BEGIN SUPPLIED MATERIAL
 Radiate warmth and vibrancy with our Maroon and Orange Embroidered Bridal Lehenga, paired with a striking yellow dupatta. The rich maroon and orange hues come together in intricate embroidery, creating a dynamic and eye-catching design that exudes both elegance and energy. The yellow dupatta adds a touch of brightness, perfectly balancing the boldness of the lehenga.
END SUPPLIED MATERIAL
BEGIN SUPPLIED MATERIAL
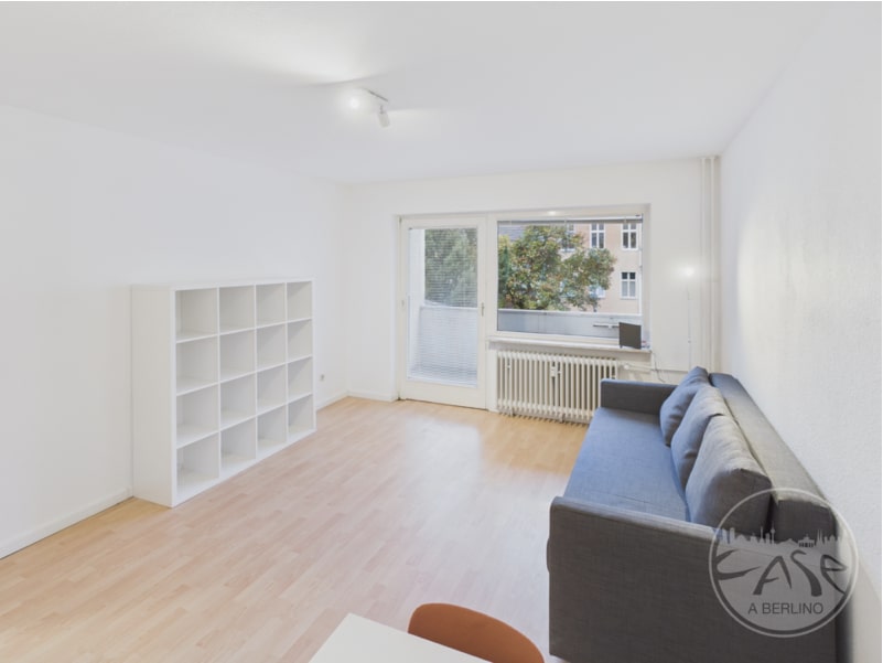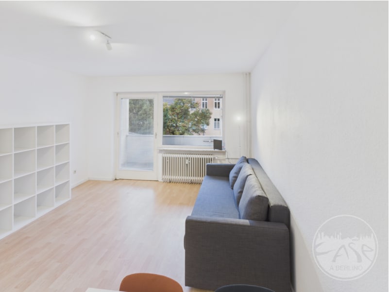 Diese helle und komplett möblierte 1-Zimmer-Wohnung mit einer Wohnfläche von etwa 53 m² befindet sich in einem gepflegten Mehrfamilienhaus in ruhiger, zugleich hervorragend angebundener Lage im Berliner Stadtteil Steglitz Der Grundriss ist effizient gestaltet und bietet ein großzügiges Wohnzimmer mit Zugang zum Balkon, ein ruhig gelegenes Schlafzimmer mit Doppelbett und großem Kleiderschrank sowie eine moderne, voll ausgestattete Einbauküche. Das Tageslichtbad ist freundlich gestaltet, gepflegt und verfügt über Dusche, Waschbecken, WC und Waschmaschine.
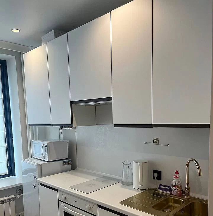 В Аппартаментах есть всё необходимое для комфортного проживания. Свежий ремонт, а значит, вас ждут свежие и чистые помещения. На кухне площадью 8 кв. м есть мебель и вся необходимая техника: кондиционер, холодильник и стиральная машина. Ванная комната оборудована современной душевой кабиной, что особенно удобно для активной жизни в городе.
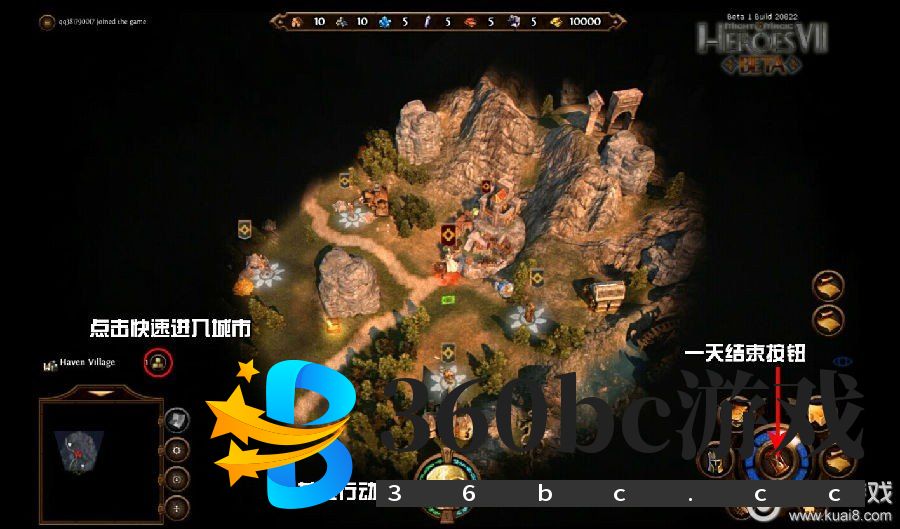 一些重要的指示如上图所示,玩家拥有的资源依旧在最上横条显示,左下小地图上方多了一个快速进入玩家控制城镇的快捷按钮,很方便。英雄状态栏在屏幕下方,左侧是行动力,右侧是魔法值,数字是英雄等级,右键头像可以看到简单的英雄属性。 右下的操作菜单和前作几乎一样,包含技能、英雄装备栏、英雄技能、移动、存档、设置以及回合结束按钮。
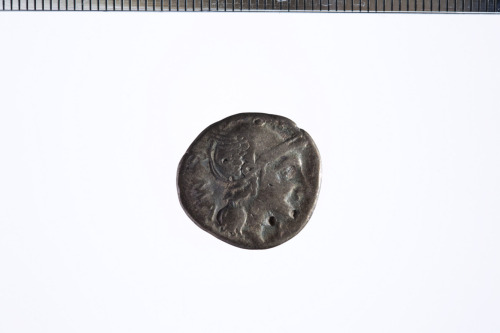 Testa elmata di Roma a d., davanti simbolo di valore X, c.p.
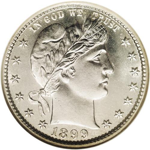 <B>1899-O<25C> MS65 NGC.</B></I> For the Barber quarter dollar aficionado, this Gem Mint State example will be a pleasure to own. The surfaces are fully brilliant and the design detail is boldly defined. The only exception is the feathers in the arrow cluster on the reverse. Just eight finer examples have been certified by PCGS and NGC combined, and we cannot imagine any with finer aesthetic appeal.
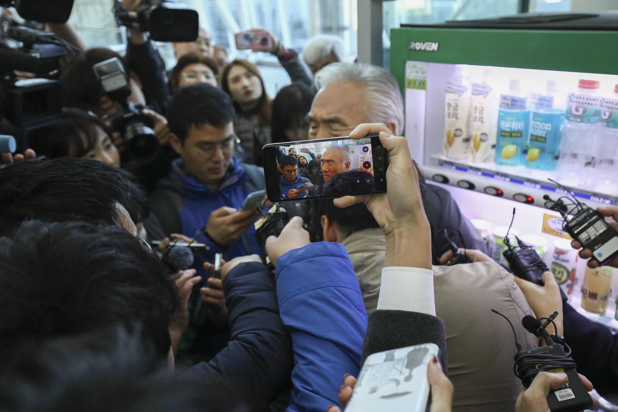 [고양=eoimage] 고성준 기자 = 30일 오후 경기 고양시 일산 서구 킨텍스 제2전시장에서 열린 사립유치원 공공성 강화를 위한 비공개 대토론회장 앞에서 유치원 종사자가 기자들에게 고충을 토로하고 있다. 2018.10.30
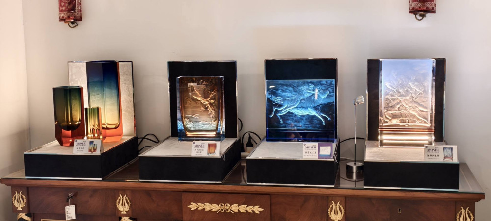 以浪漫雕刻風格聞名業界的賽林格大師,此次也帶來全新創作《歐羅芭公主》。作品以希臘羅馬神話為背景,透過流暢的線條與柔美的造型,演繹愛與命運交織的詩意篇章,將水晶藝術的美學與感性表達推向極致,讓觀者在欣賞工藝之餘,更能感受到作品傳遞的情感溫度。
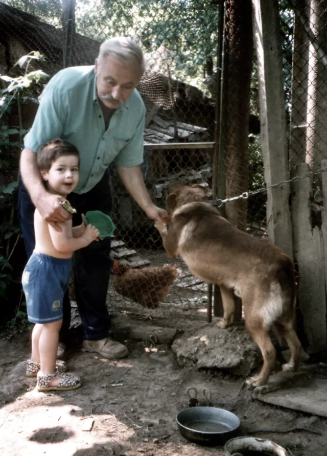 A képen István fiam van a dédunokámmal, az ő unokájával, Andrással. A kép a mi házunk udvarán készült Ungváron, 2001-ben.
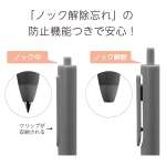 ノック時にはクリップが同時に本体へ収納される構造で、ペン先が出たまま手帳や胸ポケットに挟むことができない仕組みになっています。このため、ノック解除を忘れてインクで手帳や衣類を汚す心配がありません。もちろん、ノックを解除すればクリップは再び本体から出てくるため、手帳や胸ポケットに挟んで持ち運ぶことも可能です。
END SUPPLIED MATERIAL
TO DO —
Retype, exactly and with no pictures, everything above from the line with "A képen István" down to the line with "ノック時にはクリップが同時に", both included.

PROBLEM SOLUTION —
 A képen István fiam van a dédunokámmal, az ő unokájával, Andrással. A kép a mi házunk udvarán készült Ungváron, 2001-ben.
 ノック時にはクリップが同時に本体へ収納される構造で、ペン先が出たまま手帳や胸ポケットに挟むことができない仕組みになっています。このため、ノック解除を忘れてインクで手帳や衣類を汚す心配がありません。もちろん、ノックを解除すればクリップは再び本体から出てくるため、手帳や胸ポケットに挟んで持ち運ぶことも可能です。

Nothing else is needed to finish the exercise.